*Dataset content*.
* * * * * * * * *

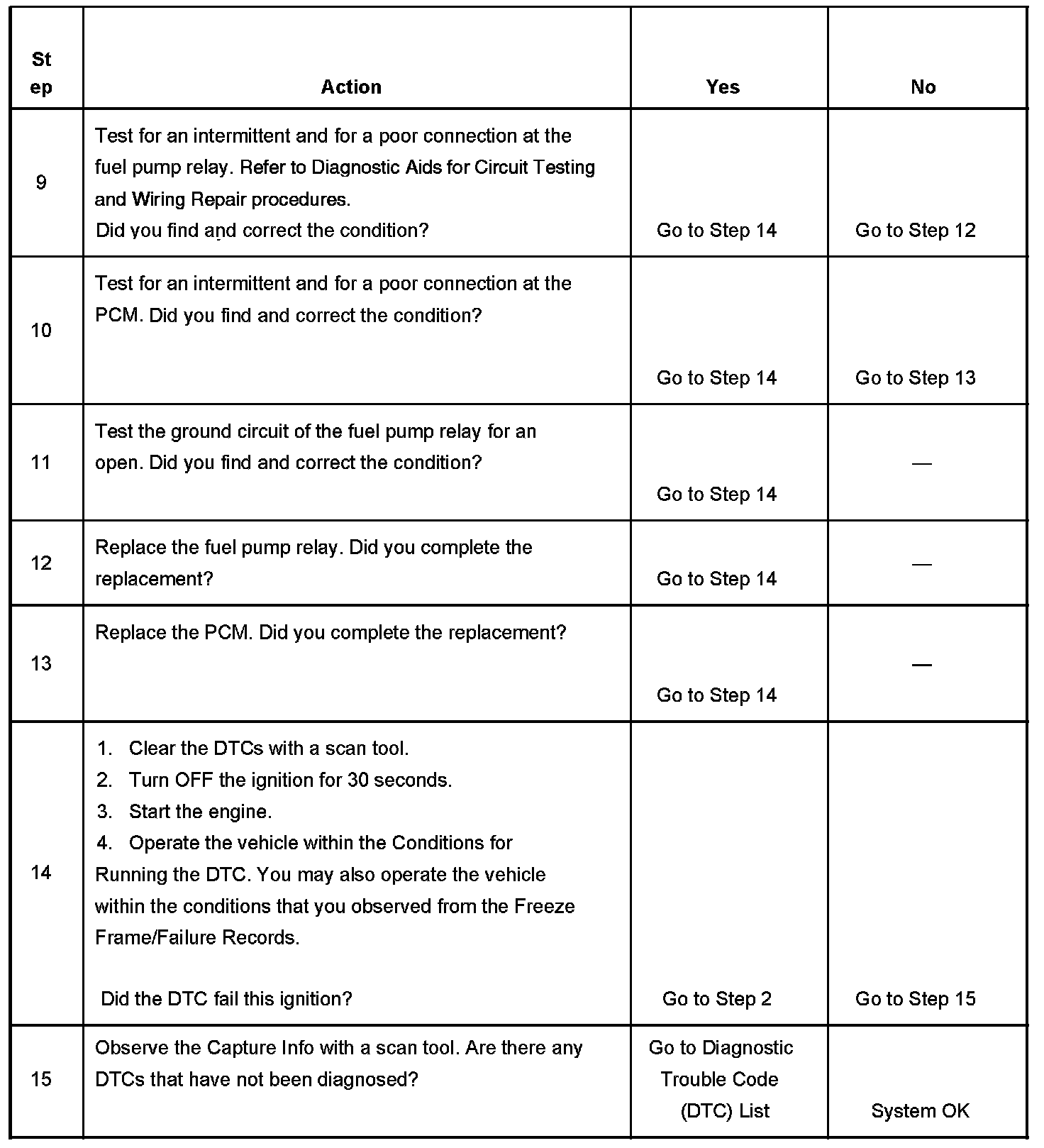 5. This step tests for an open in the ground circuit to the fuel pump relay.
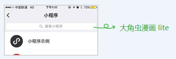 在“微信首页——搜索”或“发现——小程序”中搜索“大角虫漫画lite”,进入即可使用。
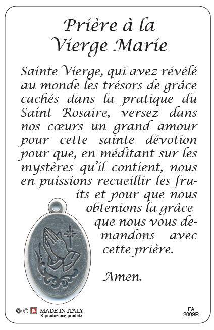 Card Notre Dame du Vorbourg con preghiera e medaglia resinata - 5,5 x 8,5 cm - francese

* * * * * * * * *

Go through the listing above and write it out again exactly, dropping the pictures.

 5. This step tests for an open in the ground circuit to the fuel pump relay.
 在“微信首页——搜索”或“发现——小程序”中搜索“大角虫漫画lite”,进入即可使用。
 Card Notre Dame du Vorbourg con preghiera e medaglia resinata - 5,5 x 8,5 cm - francese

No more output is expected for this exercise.